Effect of tissue sample on TE expression during infection
Finally, we also examined the effect of tissue sample on TE expression during infection. Our datasets included samples from six different tissues, including brain, carcass (whole body with ovaries removed), cell culture, intestines, ovaries, and whole body flies (Table 1).
We tested whether DETEs varied significantly by host tissue and found that tissue did not significantly affect the class proportions (c2 = 21.08, df = 16, P-value = 0.18) or superfamily proportions of TEs (c2 = 45.27, df = 56, P-value = 0.85) (Fig. 5). Host tissue significantly affected the direction of expression of DETEs (c2 = 11.10, df = 4, P-value = 0.025), specifically that ovary samples tended to have more DETEs with decreased expression during infection (Fig. 5b).

Ovarian samples display decreased TE expression during infection. Each point represents a single TE family that was differentially expressed during infection in cell culture (a), ovary (b), or whole body (c) fly tissue samples within one of the analyzed datasets. Boxplots present summary statistics, where the top and bottom edges encompass the first to third quartiles and the middle bar represents the median for each group. Boxplot whiskers extend to the smallest and largest nonoutliers. The black diamond in each box represents the average TE expression fold change for each data group. The number of DETEs in each boxplot is denoted by “n” at the top of each graph.
However, similar to our analyses of host sex, there were some unequal associations between pathogen groups and host tissue, suggesting that these patterns may have reflected pathogen-level differences, rather than tissue-level differences. Therefore, we reanalyzed the effect of host tissue in only Wolbachia infection datasets, which had datasets of cell culture, ovary, and whole body tissue samples. We found a significant difference in the direction of TE expression between tissues (c2 = 6.43, df = 2, P-value = 0.040).
Discussion
In this study, we investigated patterns of TE expression during infection in D. melanogaster. Other studies have investigated the effect of infection on TE expression in a variety of hosts and conditions, but experimental differences among these studies make it difficult to directly compare their findings and draw broader conclusions about TE dynamics during infection. By bringing together D. melanogaster datasets of differing host genotypes, tissue types, sexes, and pathogens, we sought to uncover the influence of these factors on DETEs and identify both unique and broad trends in TE expression during infection.
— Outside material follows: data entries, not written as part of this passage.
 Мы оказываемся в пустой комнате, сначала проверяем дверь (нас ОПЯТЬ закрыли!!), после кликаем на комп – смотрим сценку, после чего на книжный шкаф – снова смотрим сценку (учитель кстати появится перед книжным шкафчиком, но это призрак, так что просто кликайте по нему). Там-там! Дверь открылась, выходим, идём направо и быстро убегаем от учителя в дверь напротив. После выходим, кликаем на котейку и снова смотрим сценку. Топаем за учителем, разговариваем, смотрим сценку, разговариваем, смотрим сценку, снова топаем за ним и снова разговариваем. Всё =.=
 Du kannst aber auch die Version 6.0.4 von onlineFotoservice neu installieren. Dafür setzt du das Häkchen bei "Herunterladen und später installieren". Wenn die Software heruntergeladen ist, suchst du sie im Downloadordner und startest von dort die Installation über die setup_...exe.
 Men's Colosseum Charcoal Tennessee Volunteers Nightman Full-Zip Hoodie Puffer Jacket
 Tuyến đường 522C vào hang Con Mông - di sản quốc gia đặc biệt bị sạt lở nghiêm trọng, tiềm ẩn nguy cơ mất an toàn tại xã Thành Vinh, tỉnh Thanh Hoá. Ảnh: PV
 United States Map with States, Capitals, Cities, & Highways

Of the 184 total DETEs identified in our analyses, 20 were unclassified with an unknown TE class. Though these unknown TEs represented approximately 10% of the DETEs in our study, their unclassified status makes it difficult to comment on their influence on host biology and we have excluded them from the rest of our discussion here. Future studies may reveal more details about these TEs and their role in host gene networks.
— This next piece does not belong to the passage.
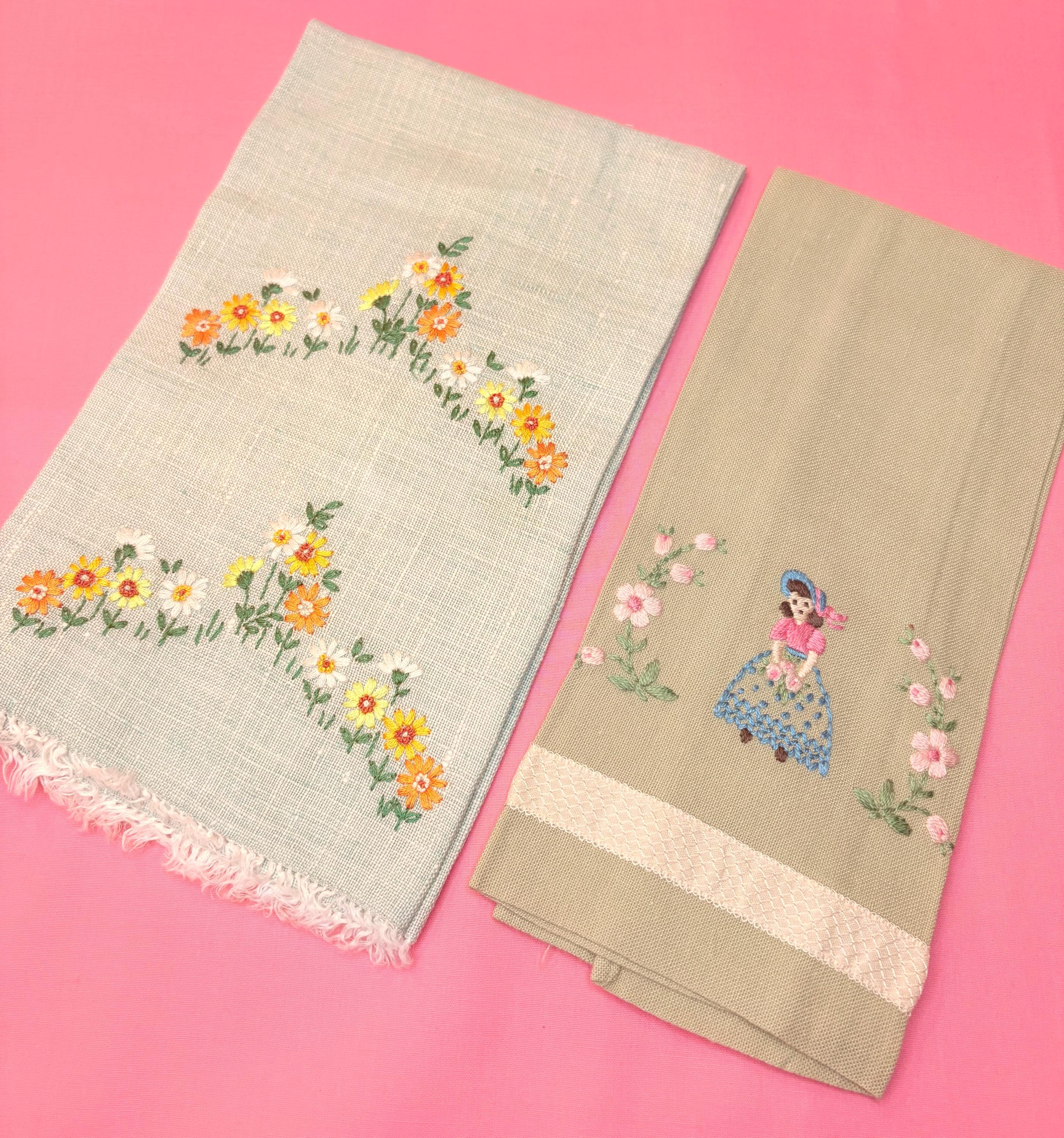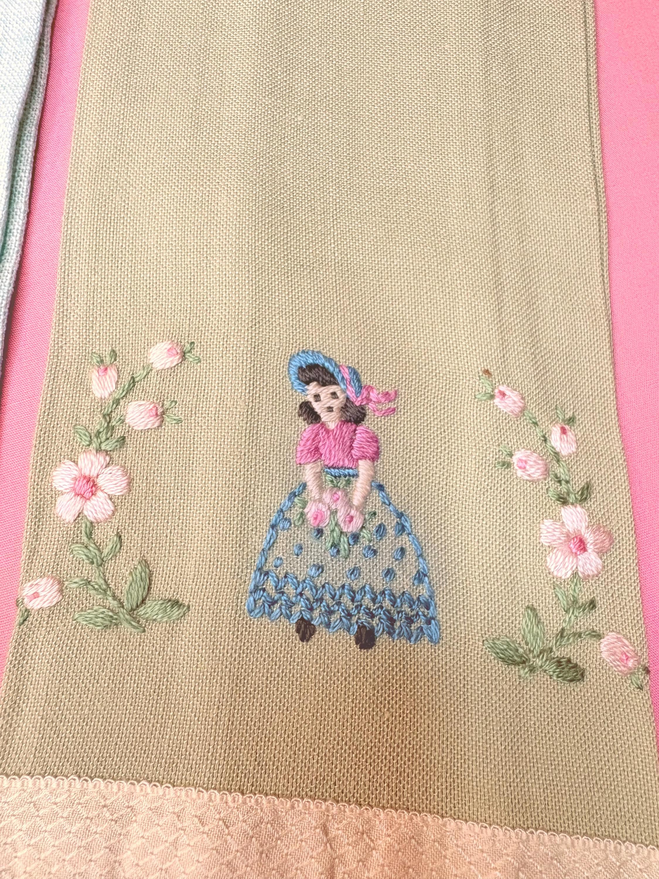 This is a set of Vintage Linen Embroidered finger tip towels. Each is different, but they go so well together. The first towel is the larger one. It is a woven mint green with fields of embroidered flowers in yellow, white and orange. It is so pretty. The second towel shows an embroidered lady with a bonnet and a purse surrounded by embroidered flowers. Although these greens are different, they compliment each other. Both are wonderful old timey greens.

Impact of infection on TE expression
To examine the effect of different infections on TE expression, we examined D. melanogaster samples infected with different species of fungal, viral, and bacterial species. Across the different datasets analyzed in this study, infection broadly affected TE expression in flies, though we observed unique differences in the types of TEs and the change in expression depending on the type of pathogen.
First, we analyzed broad trends in whether TEs displayed increased or decreased expression during infection and observed different patterns depending on pathogen group. We observed more TEs with increased expression during infection with fungal pathogens (Fig. 1b). Fungal infections in the tobacco plant (Nicotiana tabacum) can cause increased expression of the Tnt1 retrotransposon (Grandbastien et al. 1997). TE insertions can also play a role in gene duplications that are associated with increased resistance to fungal pathogens (Tan et al. 2021), suggesting a potential connection between increased TE expression and the host response to fungal infections. However, there is currently not enough information in the literature about how TEs in D. melanogaster respond to fungal infection, making it difficult to draw direct comparisons between the TE response in plants during infection to our findings in flies. Nevertheless, our results suggest that fungal infections lead to increased expression of TEs.
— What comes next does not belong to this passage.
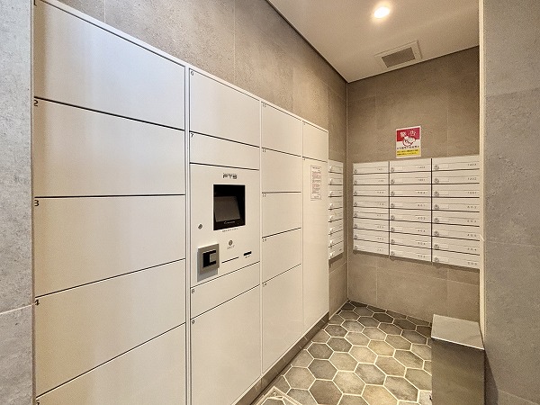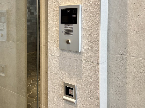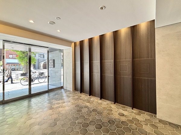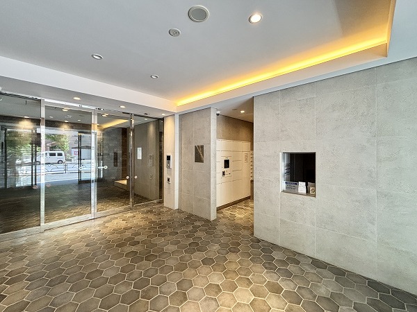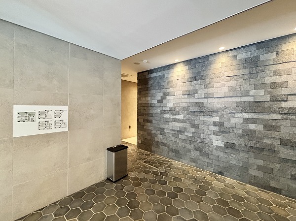 2020年8月築と新しくどこもとても綺麗な状態です。タイル張りの美しいエントランスは、落ち着きと高級感を感じさせるモダンなデザイン。オートロックには鍵穴とタッチキーの両方があり、お好きな方で解錠できますよ。

We observed the opposite pattern in bacterial infections, where a majority of TEs displayed decreased expression during infection with various bacterial species, including the endosymbiont, Wolbachia (Fig. 1). TE insertions are known to affect immune resistance to bacterial pathogens in humans (Bogdan et al. 2020) and D. melanogaster (Ullastres et al. 2021), but it is less clear if TE expression is directly related to bacterial infection resistance. Our results suggest that this may be true, based on our comparison between conventional microbiome and novel infection datasets. We analyzed two datasets comparing flies with and without the conventional gut microbiome and found only one significant DETE associated with conventional microbiome presence across both datasets. In contrast, novel bacterial infections resulted in several DETEs, suggesting that TE expression is significantly changed during infection and may play a role in the bacterial infection response. However, similar to Troha and colleagues (2018) who observed that bacterial pathogenicity did not directly correlate with the number of host genes regulated during infection, we also found that the number of DETEs did not correlate with the severity of bacterial infection.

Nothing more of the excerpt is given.